In 2004, the National Cancer Institute convened the Sarcoma Progress Review Group, which recommended patients be treated at multidisciplinary sarcoma centers. It reported that many patients fail to get state-of-the-art care. They may not know that sarcoma specialists and multidisciplinary centers exist. Or, they may lack the desire, time or money to travel to one.

“Additionally, physicians and surgeons in small- and moderate-sized hospitals often want to maintain control of patients … for economic and other reasons,” the PRG report says. “However, many physicians do not appreciate how complex the care of sarcoma patients has become and are not aware of the many alternative care strategies available.”

Parents may need to travel to get their younger children seen, and they also can apply for grants, but they have more options, says Alliance President Joan Darling, who also volunteers with the Children’s Oncology Group, which has a map of its member hospitals.

“My feeling is that any pediatric hospital is suitable for the three common pediatric sarcomas: rhabdomyosarcoma, osteosarcoma and Ewing,” says Darling, a biologist in Lincoln, Neb. Her daughter survived rhabdomyosarcoma.

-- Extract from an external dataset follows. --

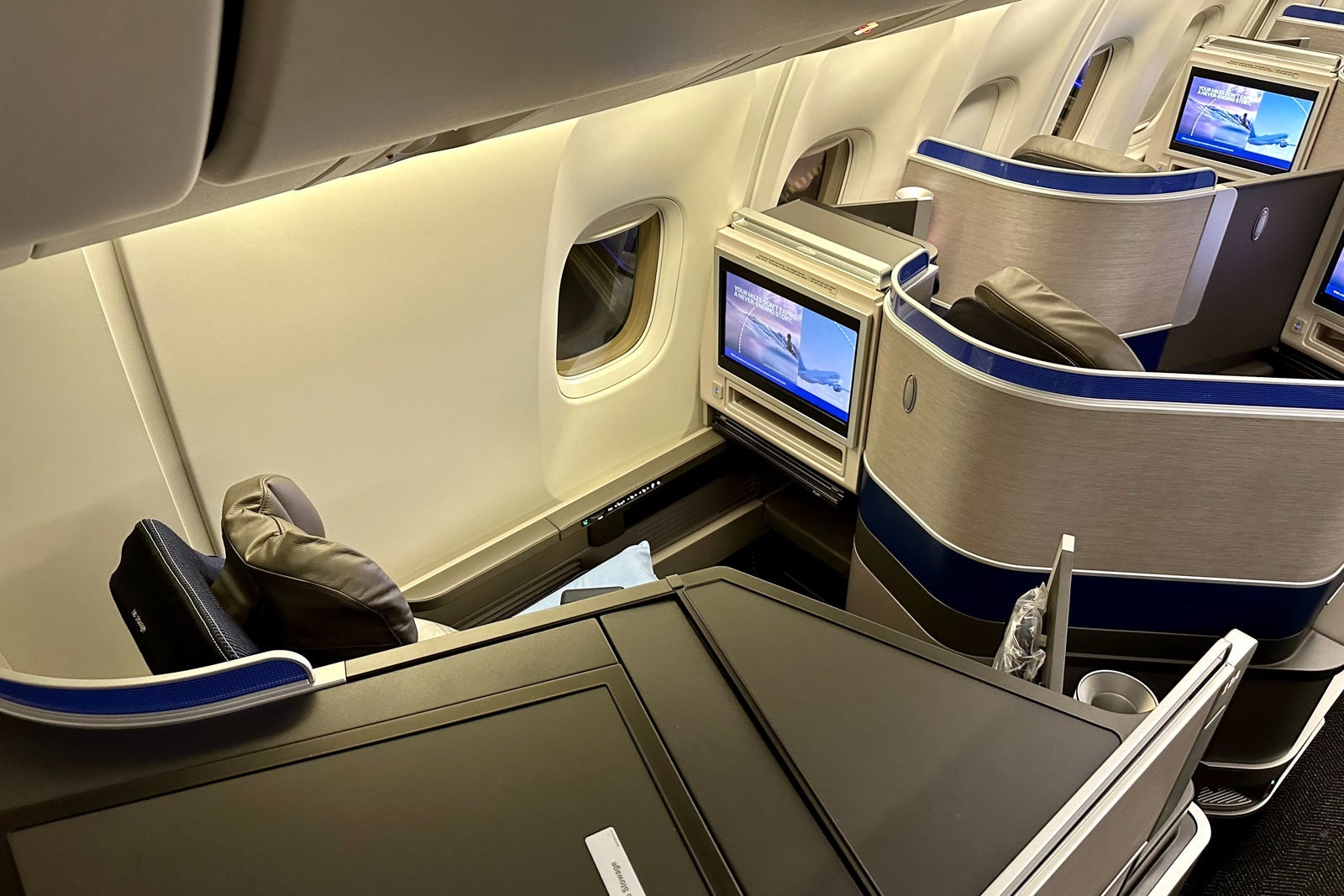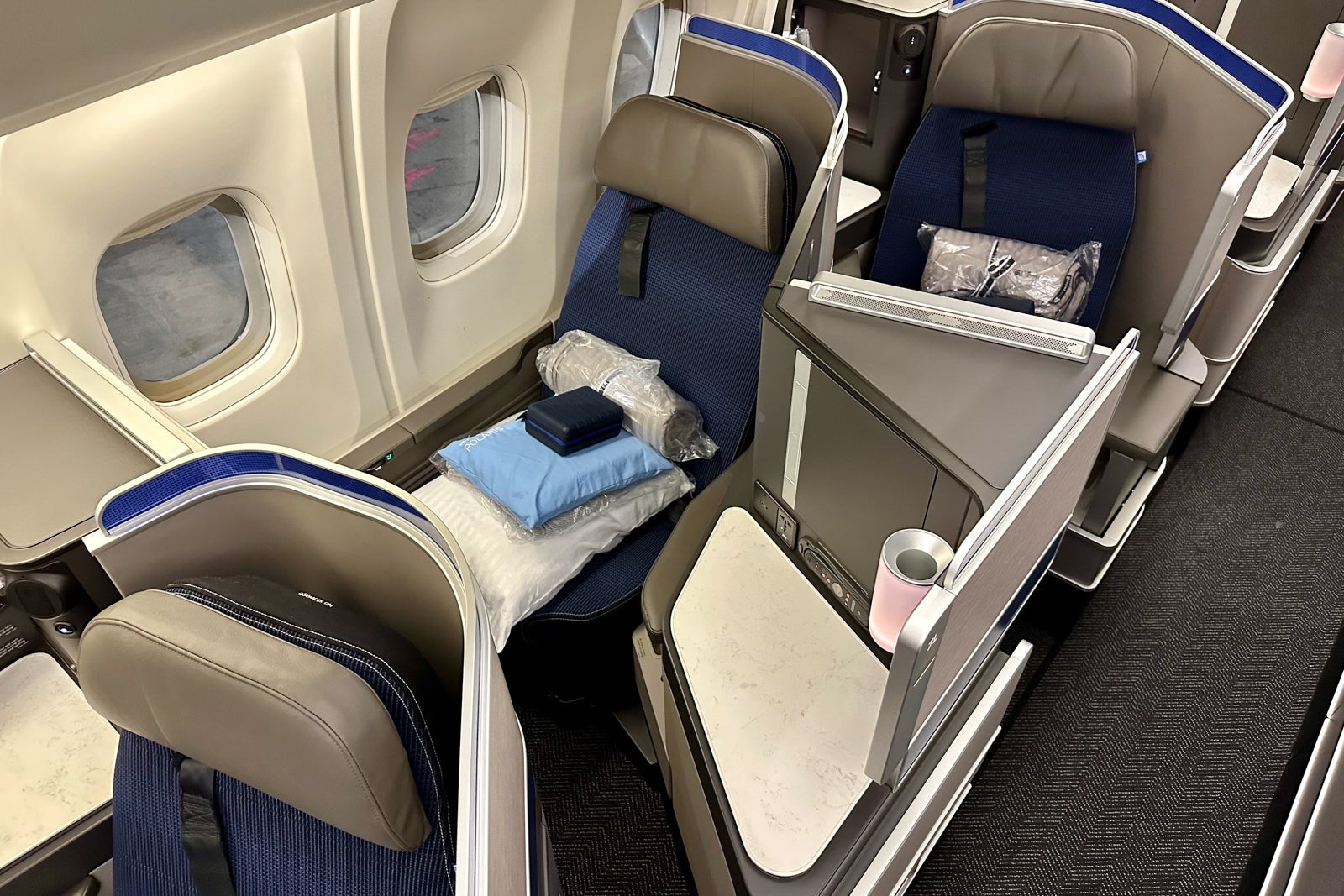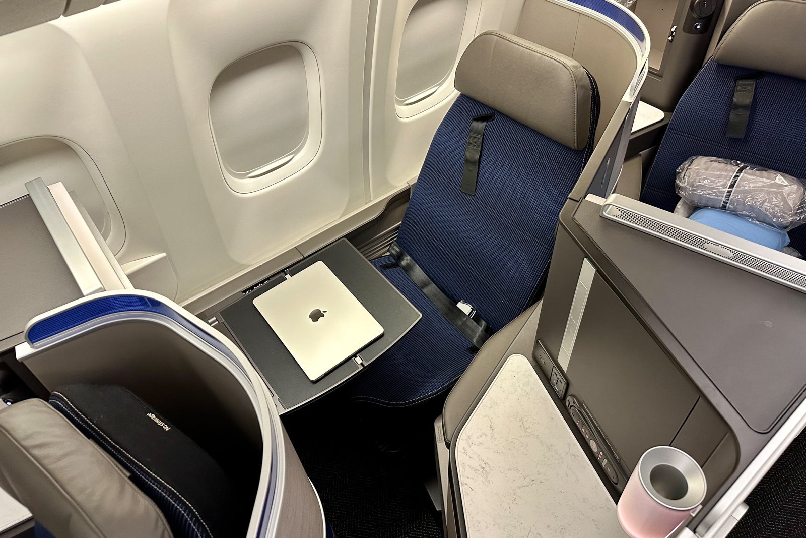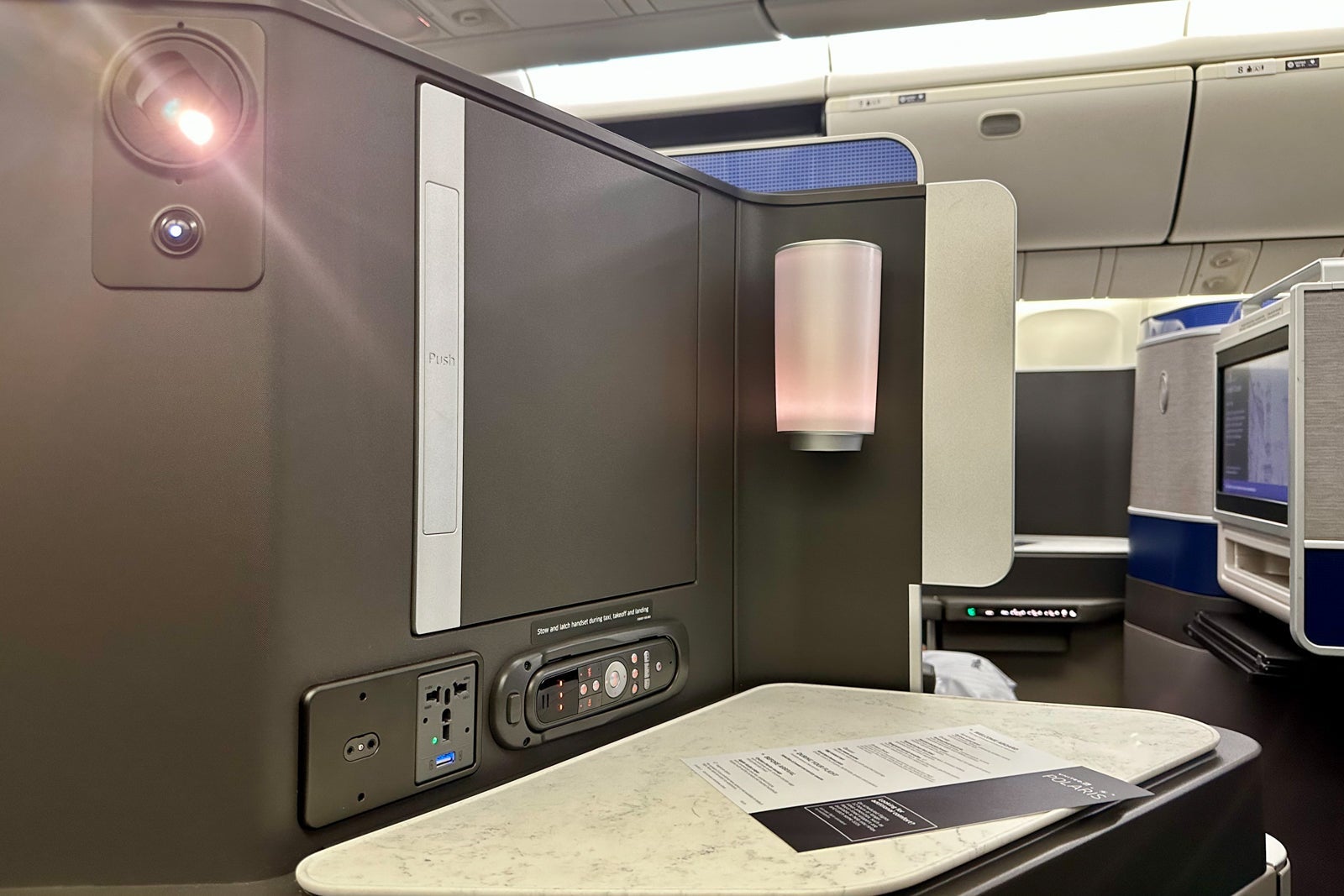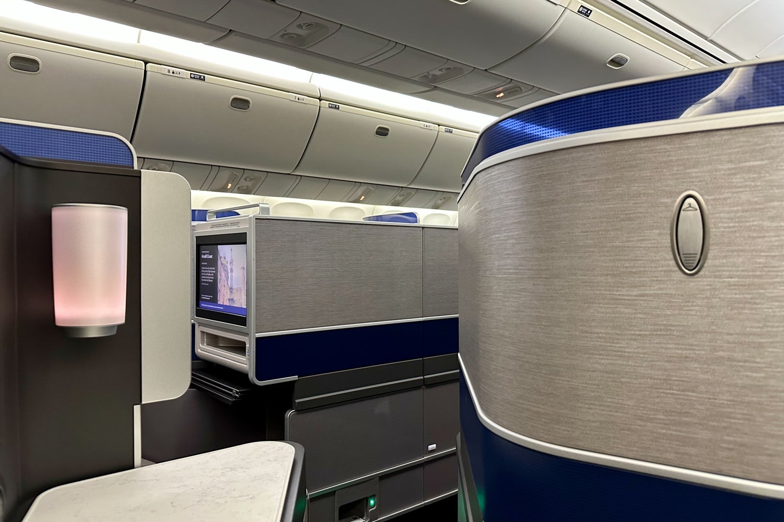 The cabin and seats themselves will likely be pretty familiar to anyone who has flown in Polaris before. (The white United-branded headrest covers were just a special treat left by the cleaning team who knew that I would be flying on this plane.)

Because there is no official designation or board certification for a “sarcoma specialist,” people may define it differently, she says. The PRG report listed criteria for multidisciplinary sarcoma centers, and the Alliance has updated them:

  •     A sarcoma medical group consisting of all specialties, including surgical, orthopedic and medical oncologists; radiologists; pathologists; and oncology nursing as well as rehabilitation services.
  •     At least one group member who belongs to a sarcoma-oriented medical organization, such as the Connective Tissue Oncology Society (CTOS).
  •     Publications concerning sarcoma in peer-reviewed journals.
  •     Sarcoma conferences (e.g. Tumor Board), where sarcoma group members meet at least once per month to discuss patient care issues.
  •     At least 100 sarcoma patients seen per year.
  •     MRI imaging available; PET scans desired.
  •     Patient enrollment in clinical trials.
  •     Strong support personnel such as social workers, psychologists and psychiatrists.
  •      Sarcoma support group desired.

“Since there are approximately 50 types of sarcoma, accurate diagnosis by a world-class pathologist is the first step in an optimal treatment plan. Surgery, radiation therapy and chemotherapy are all critical approaches toward treatment of the primary tumor, prevention of tumor spread, and therapy of sarcoma even after it has spread to other sites. Radiologists are key to diagnosis, recurrence, and assessment of response to therapy. Rare diseases such as sarcoma are best managed by an experienced multidisciplinary team at a comprehensive cancer center such as The Sylvester Cancer Center in Miami,” says Jonathan Trent, MD, PhD, a sarcoma medical oncologist who recently moved to Miami from the M.D. Anderson Cancer Center in Houston. He will present research at this week's meeting in Chicago.

Especially with a rare cancer, most doctors will not mind if a patient seeks a second opinion. It's a bad sign if a physician is offended, Murphy says. Sarcoma centers allow patients to schedule appointments without a referral from their current physicians, although some insurance plans may require a referral for reimbursement. Sarcoma centers often can help patients with insurance questions, as well as travel plans.

After getting a second opinion, some patients may choose to get part or all of their treatment closer to home, with a doctor in the sarcoma center consulting with the local doctor, Murphy says. If nothing else, a second opinion may reassure patients that they are getting the best treatment available.

The Sarcoma Alliance, a national nonprofit based in Mill Valley, Calif., offers guidance, education and support for people affected by sarcoma.